2) but now I need to visit every node in the tree to find out which one has
the lowest position which is O(n) obviously ignoring any nodes I marked
as -1.

so this final "optimized" solution I came up with last night would still
require O(n + n log n).

Is there any way to optimize this further? or a better algorithm all
together? I'm thinking perhaps to keep track of the first unique node as I'm
creating the tree? but I couldn't nail down an idea that would work...

I'm sort of invisioning the tree having a member called m_nPos initialized
to 0... and as I'm building the tree, if I find a duplicate element at
m_nPos, to increment it. So basically I insert element 0, then later on, I
find a duplicate for it, so the first unique item can't possibly be at zero,
it has to be at least at position 1. But then as I did a few test cases, I
poke holes in this idea very easily.

Any ideas?

hardi.pertel@gmail.com
Guest
Posts: n/a

 11-18-2006

> basically the interview question is: given an unsorted listed such as:
>
> 3,1,3,7,1,2,4,4,3

Where there any other constraints?

Nobody
Guest
Posts: n/a

 11-18-2006

<(E-Mail Removed)> wrote in message
news:(E-Mail Removed) oups.com...
>
>
>> basically the interview question is: given an unsorted listed such as:
>>
>> 3,1,3,7,1,2,4,4,3

>
> Where there any other constraints?
>

Nope, just given an unsorted list of n numbers (n could be millions), find
the first unique number.
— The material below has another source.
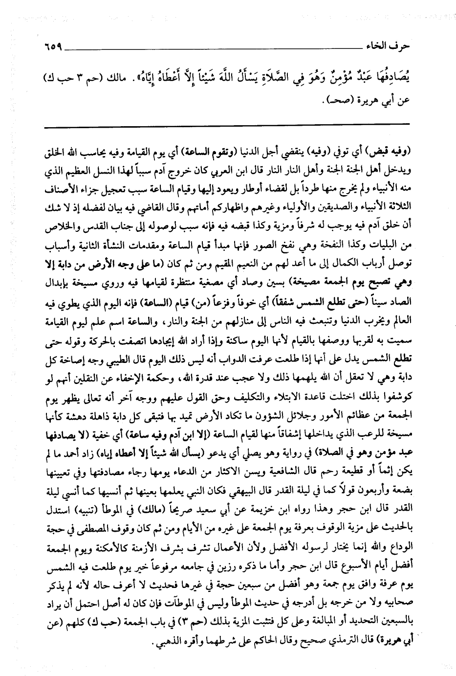 (وفيه قبض) أي توفي وفيه ينقضي أجل الدنيا (وتقوم الساعة) أي يوم القيامة وفيه يحاسب الله الخلق ويدخل أهل الجنة الجنة وأهل النار النار قال ابن العربي : كان خروج آدم سببا لهذا النسل العظيم الذي منه الأنبياء ولم يخرج منها طردا بل لقضاء أوطار ويعود إليها وقيام الساعة سبب تعجيل جزاء الأصناف الثلاثة الأنبياء والصديقين والأولياء وغيرهم وإظهاركم أماتهم وقال القاضي : فيه بيان لفضله إذ لا شك أن خلق آدم فيه يوجب له شرفا ومزية وكذا قبضه فيه فإنه سبب لوصوله إلى جناب القدس والخلاص من البليات وكذا النفخة وهي نفخ الصور فإنها مبدأ قيام الساعة ومقدمات النشأة الثانية وأسباب توصل أرباب الكمال إلى ما أعد لهم من النعيم المقيم ومن ثم كان (ما على) وجه (الأرض من دابة إلا وهي تصبح يوم الجمعة مصيخة) بسين وصاد أي مصغية منتظرة لقيامها فيه وروى مسيخة بإبدال الصاد سينا (حتى تطلع الشمس شفقا) أي خوفا وفزعا (من) قيام (الساعة) فإنه اليوم الذي يطوى فيه العالم ويخر ب الدنيا وتنبعث فيه الناس إلى منازلهم من الجنة والنار ، والساعة اسم علم ليوم القيامة سميت به لقربها ووصفها بالقيام لأنها اليوم ساكنة وإذا أراد الله إيجادها اتصفت بالحركة وقوله حتى تطلع الشمس يدل على أنها إذا طلعت عرفت الدواب أنه ليس ذلك اليوم قال الطيبي : وجه إصاخة كل دابة وهي لا تعقل أن الله يلهمها ذلك ولا عجب عند قدرة الله ، وحكمة الإخفاء عن الثقلين أنهم لو كوشفو بذلك اختلت قاعدة الابتلاء والتكليف وحق القول عليهم ووجه آخر أنه تعالى يظهر يوم الجمعة من عظائم الأمور وجلائل الشؤون ما تكاد الأرض تميد بها فتبقى كل دابة ذاهلة دهشة كأنها مسيخة لمرعب الذي يداخلها إشفاقا منها لقيام الساعة (إلا ابن آدم وفيه ساعة) أي خفية (لا يصادفها عبد مؤمن وهو في الصلاة) في رواية وهو يصلي أي يدعو (يسأل الله شيئا إلا أعطاه إياه) زاد أحمد ما لم يكن إثما أو قطيعة رحم قال الشافعية : ويسن الإكثار من الدعاء يومها رجاء مصادفتها وفي تعيينها بضعة وأربعون قولا كما في ليلة القدر قال البيهقي : فكان النبي يعلمها بعينها ثم أنسيها كما أنسي ليلة

Obviously you can't use a built in
"FindFirstUnique()" number function, the exercise was to write that
function. I thought there may be some tricks with using a database, but
thought the overhead of the database would kill any performance gains in the
algorithm.

Obviously the point is to find the first unique number in the shortest time
possible... the algorithm I described in the original post was O (n + n log
n)... I'm wondering if it can be done faster.

hardi.pertel@gmail.com
Guest
Posts: n/a

 11-18-2006
No idea for solving that. The AVL tree is unclear for me, but a
brute-force solution is simple, though time-consuming

Wayne Marsh
Guest
Posts: n/a

 11-18-2006
Nobody wrote:
> I've been looking for a job for a while now, and have run into this
> interview question twice now... and have stupidly kind of blown it twice...
> (although I've gotten better)... time to finally figure this thing out...
>
> basically the interview question is: given an unsorted listed such as:
>
> 3,1,3,7,1,2,4,4,3

Here's the first method that springs to mind for me:

Create a vector of bools initialised to false the same size as the list,
and then run through the list, setting the item in the vector at the
position of the number encountered to true, and removing ones that are
already true. Then simply look at the first element of the vector.
Bingo. One pass, right?

I bet I've made some glaring error in process or efficiency.

Wayne Marsh
Guest
Posts: n/a

 11-18-2006
Wayne Marsh wrote:
> Nobody wrote:
>> I've been looking for a job for a while now, and have run into this
>> interview question twice now... and have stupidly kind of blown it
>> twice... (although I've gotten better)... time to finally figure this
>> thing out...
>>
>> basically the interview question is: given an unsorted listed such as:
>>
>> 3,1,3,7,1,2,4,4,3

>
> Here's the first method that springs to mind for me:
>
> Create a vector of bools initialised to false the same size as the list,
> and then run through the list, setting the item in the vector at the
> position of the number encountered to true, and removing ones that are
> already true. Then simply look at the first element of the vector.
> Bingo. One pass, right?
>
> I bet I've made some glaring error in process or efficiency.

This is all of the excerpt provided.